Mark Wieland Photography

The Lobby at The Peninsula Chicago offers all-day dining, which includes vegan and gluten-free choices.

The Four Seasons Resort in Nevis, West Indies, now offers private deep-sea lobster dives for culinary tourists who want to take fresh seafood to a new, shall we say submerged, level. Las Ventanas resort in Cabo San Lucas — always a property to outdo the competition when it comes to customized guest services — is now offering a “Challenge the Chef” activity modeled after a cooking reality show.

But of all the culinary hooks seen in hotels of late, the local/sustainable/seasonal movement is the one that seems to have staying power.

In the culinary scene as a whole, locavore practices are becoming a focus. But you know it's hit critical mass when even the flagship restaurants of big-box city hotels are returning to the local farmers market. And they are — with delight.  The Peninsula Chicago offers Market Dinners Thursday through Sunday, featuring multiple three-course menus made entirely from local ingredients purchased that week from local vendors. A longtime regular at Chicago’s Green City Market and other local farmers markets, Chef de Cuisine Cyril Calmet is heading up the locavore dining program.

Slideshow: Regionally inspired hotel dining programs

In the country, chefs can take a further step back to basics, sourcing much of their produce and dairy from working farms on their own property. Buttermilk Falls Inn + Spa in New York’s Hudson Valley has a 40-acre organic farm on the property. It supplies greens, fruits, herbs, veggies and eggs for the inn’s new restaurant, which seats 60 and is appropriately named Henry’s Farm to Table.

"Our farm has been a work in progress for the last four or five years," said Chef Paul Kelly. While even the first year brought forth a harvest of herbs, berries and veggies, Kelly estimates that five years in, only 15 percent of Henry's food comes from the garden — but he hopes to increase that percentage to 30 percent by next year, working together with the gardener to create a planting schedule more attuned to the kitchen's needs. Though there are no plans to be fully self-sustaining, Kelly hopes to form relationships with chefs who don't have their own farm and may want to buy produce for their kitchens.

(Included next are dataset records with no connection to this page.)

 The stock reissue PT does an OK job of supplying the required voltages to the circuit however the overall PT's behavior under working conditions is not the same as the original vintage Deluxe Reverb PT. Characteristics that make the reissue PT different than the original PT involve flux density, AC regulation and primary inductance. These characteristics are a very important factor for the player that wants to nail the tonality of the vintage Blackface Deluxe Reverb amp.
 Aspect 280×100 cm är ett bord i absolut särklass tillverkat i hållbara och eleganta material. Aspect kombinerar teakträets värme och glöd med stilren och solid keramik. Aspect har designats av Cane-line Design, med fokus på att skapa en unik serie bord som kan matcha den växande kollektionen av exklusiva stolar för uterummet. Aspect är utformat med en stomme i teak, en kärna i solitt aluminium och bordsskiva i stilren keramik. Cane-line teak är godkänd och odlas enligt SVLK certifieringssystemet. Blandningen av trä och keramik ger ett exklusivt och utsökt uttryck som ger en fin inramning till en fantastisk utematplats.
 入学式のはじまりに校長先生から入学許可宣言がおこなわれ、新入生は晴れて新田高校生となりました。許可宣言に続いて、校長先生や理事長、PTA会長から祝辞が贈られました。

"There’s no question that guests feel good about the sustainability factor and appreciate our incorporating as many homegrown ingredients as we can," says Kelly. "Ultimately we’d like to introduce some programs that will enable them to get their hands dirty in our soil!"

While farmers would be the first to tell you that working the land isn’t an easy life, many city dwellers have recently started to crave that "back to the land" experience. It’s not enough for them to see the organic farm or vineyard just outside their hotel room window — they want to be out in it, picking veggies and de-stemming grapes and getting back to the land. Not permanently, mind you, but maybe for a week. Combining this with a luxury lodging experience might seem counterintuitive, but in places like Blackberry Farm, the genteel country farm in the heart of the Smoky Mountains, or 12th-century-castle-turned-country-villa Castello di Vicarello in Tuscany, guests pay top dollar for a few days in the gardens.

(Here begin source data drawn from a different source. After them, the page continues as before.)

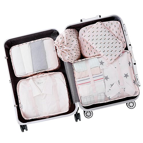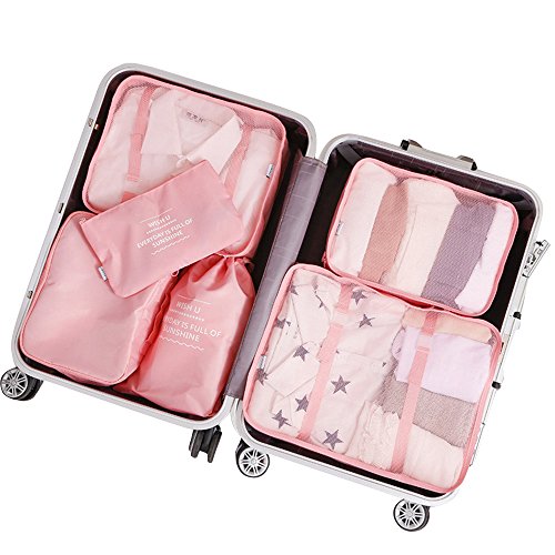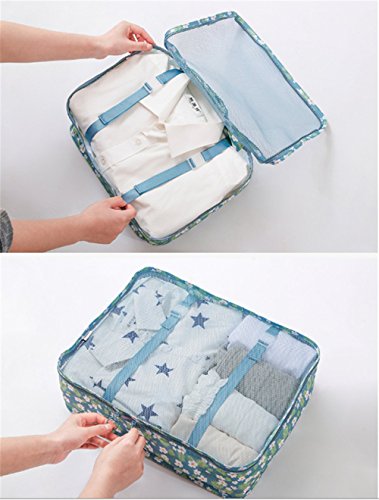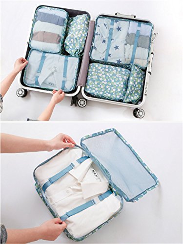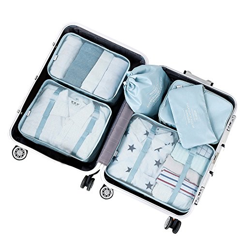 6 PCS Travel Organizers Packing Cubes Luggage Organizers Compression Pouches by VClife® . Material: water-resistant nylon + breathable mesh with 2 way easy-pull zippers.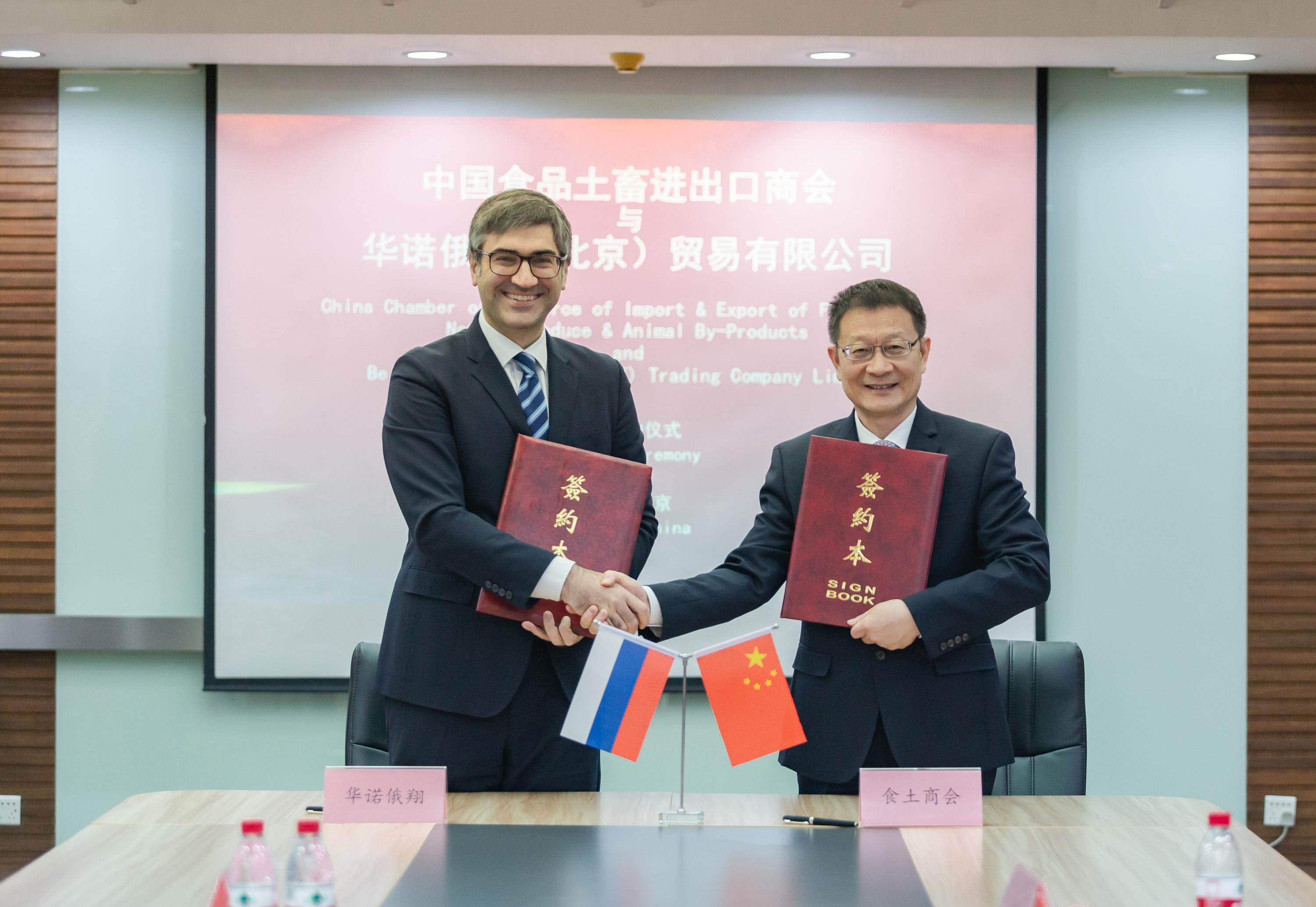 中国食品土畜进出口商会与俄罗斯华诺俄翔(北京)贸易有限公司签署战略合作协议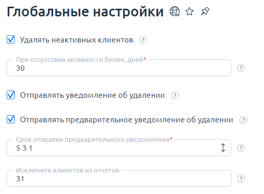 В соответствии со статьёй 5 GDPR провайдер не должен хранить данные о клиенте дольше, чем требуется для достижения цели сбора информации. В Clouden имеется функция, которая позволяет автоматически удалять неактивных пользователей. Для её активации перейдите в глобальные настройки провайдера: Провайдер → Глобальные настройки → блок Основное → флаг Удалять неактивных клиентов.
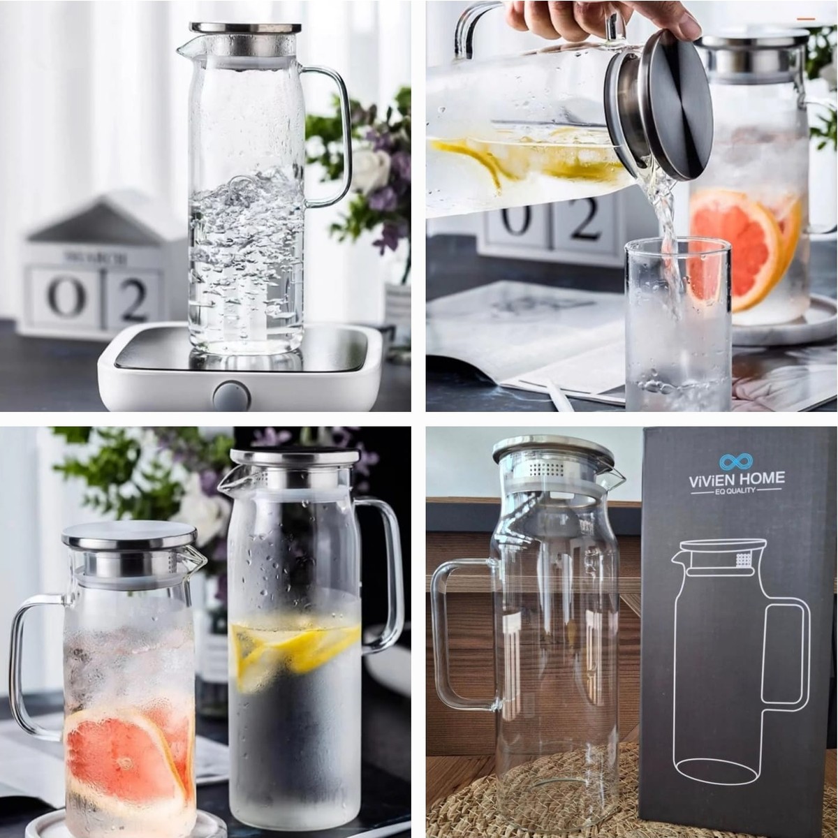 Carat FZ16 Cam Sürahi 2 Litre Çelik Süzgeçli Kapaklı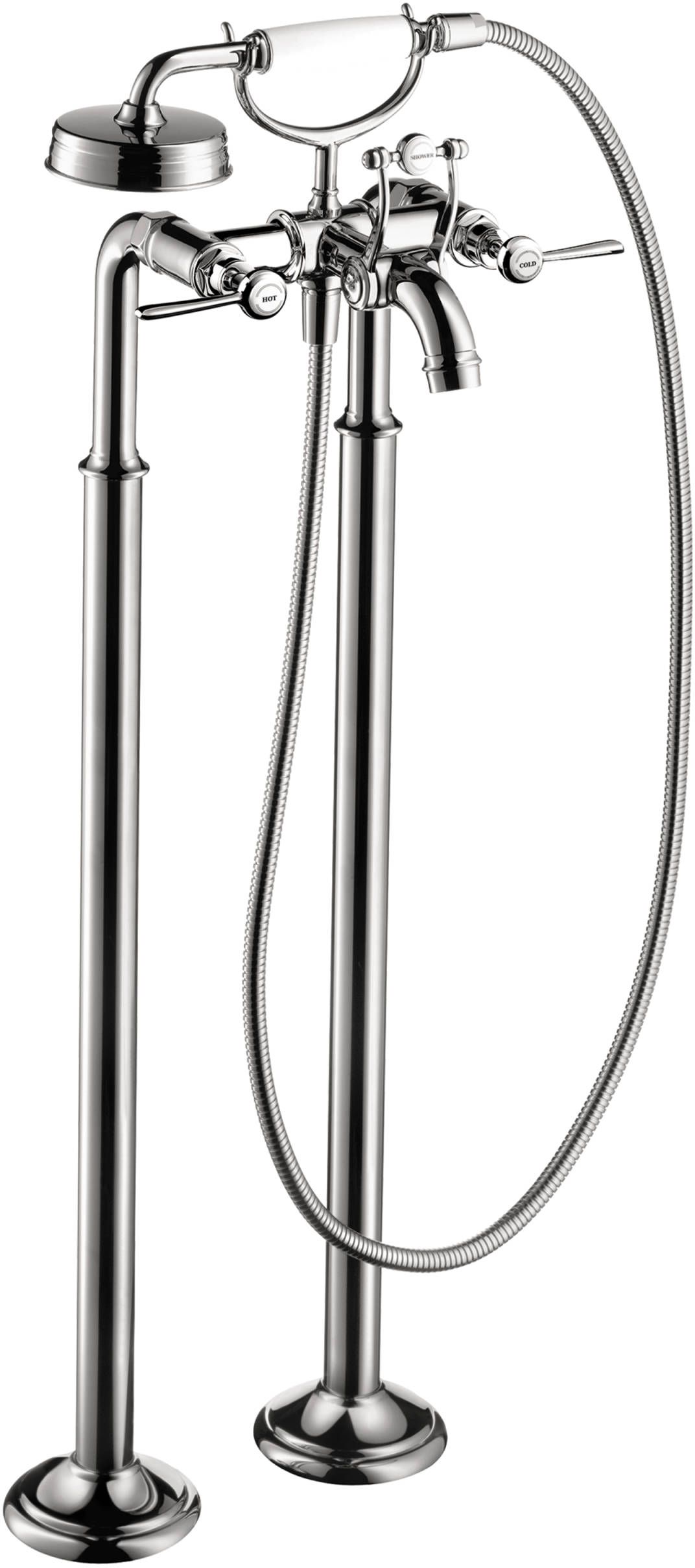 Consists of: 2-Handle freestanding tub filler trim, Handshower, Handshower hose

The other way to connect with one’s food is, of course, by preparing it. The same people who once scorned the kitchen as a high-school home ec relic now are starting to realize that cooking, when not forced upon a woman, can be a relaxing and highly creative endeavor. Especially when one can practice in a beautiful space like the shiny new teaching kitchen at Lake Placid Lodge in New York, where professional chefs are there to support the students, and if milk gets spilled (or burned, or boiled) no one will shed a tear.

In the most boutique inns and retreats, where culinary programs can be tailored around the guests, staff set the locavore tone and let the visitors interpret it their own way.

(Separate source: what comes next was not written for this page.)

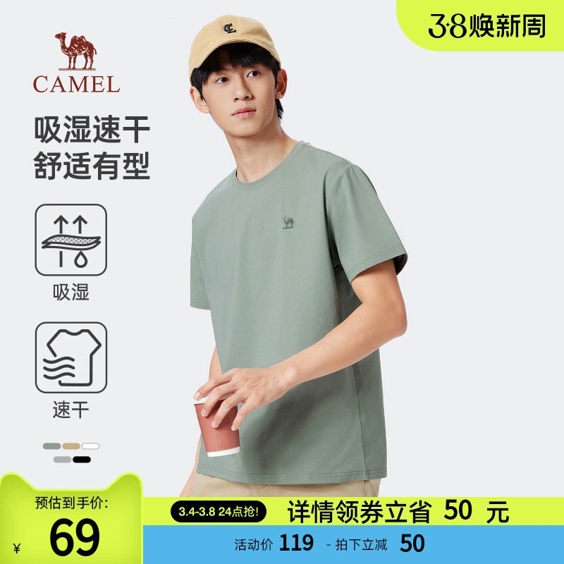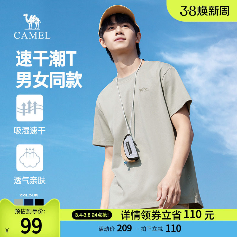 骆驼男装速干短袖t恤男夏季2024新款纯色透气情侣款运动半袖体恤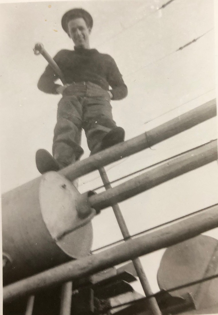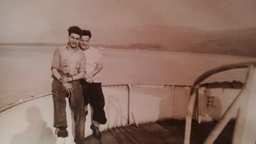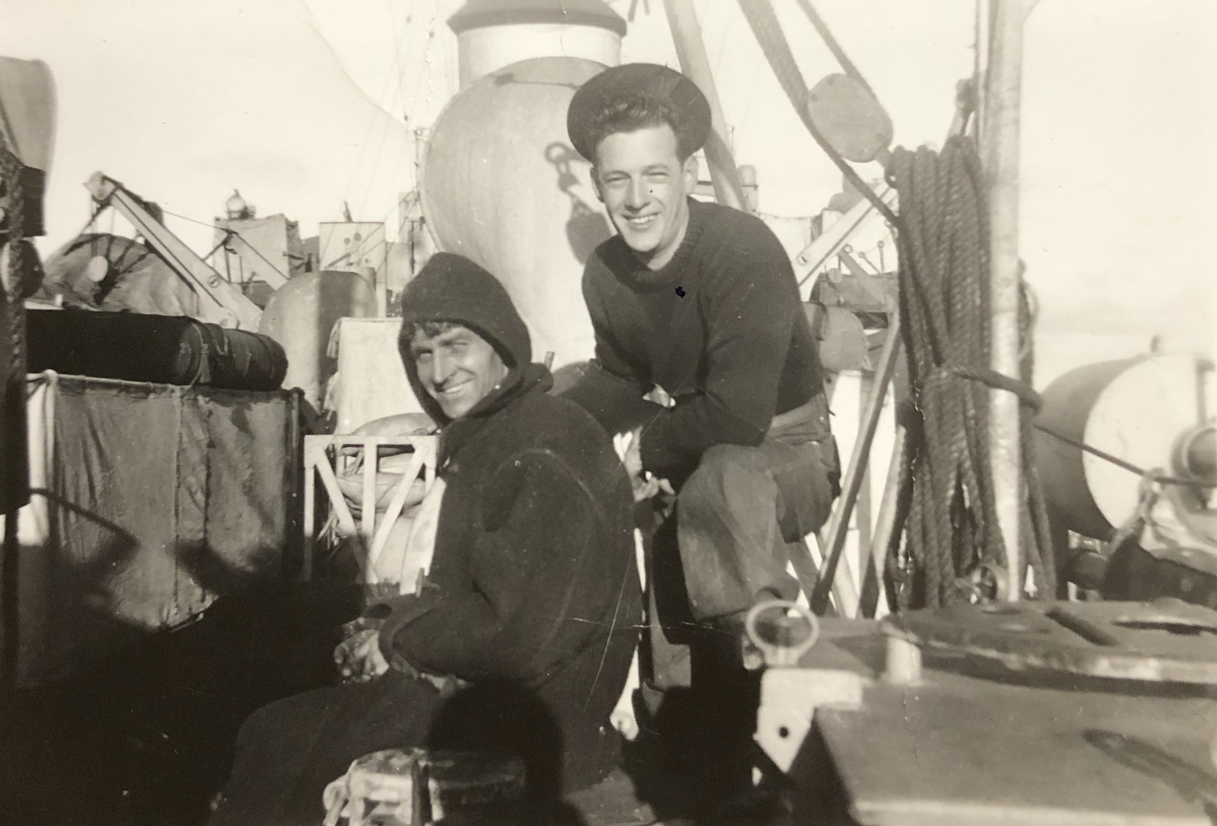 (AT001-AT004) Telegraphist Andrew (Andre) Tipson on HMCS JOLIETTE K418 (AT005) Telegraphist Andrew Tipson (right) and unknown shipmate on HMCS JOLIETTE K418

"Our culinary philosophy at Good Commons is 'true food.' Know where your food is coming from. Be responsible. Eat seasonally and locally when you can," said Matthew Wexler, a chef at Good Commons retreat in Vermont.

Owner/founder Tesha Buss invites guests to guide the creation of their menus the same way they determine what sort of experience they want. Chef Wexler trained at the French Culinary Institute but specializes in creating “a la minute” cuisine to fit any dietary restriction: vegan, gluten-free, “caveman” or kosher. The venue accommodates vegan yoga groups one week; and amateur chefs looking to tour charcuterie and cheese-making facilities the next.

Even room service menus are no longer what they used to be — or at least, not everywhere. Rosewood Sand Hill sets the standard in Silicon Valley, debuting a “room service renaissance” with five daily menus, with not a single stale club sandwich. Executive Chef Peter Rudolph aims for in-room offerings to mirror the menu at the hotel’s Michelin-starred restaurant Madera as closely as possible. The New American comfort food menus will be updated twice monthly (earning thumbs-up from all of us road warriors who have noticed that most hotel restaurants update the in-room menus approximately never), It goes without saying, they’ll feature naturally raised meats and local, seasonal produce.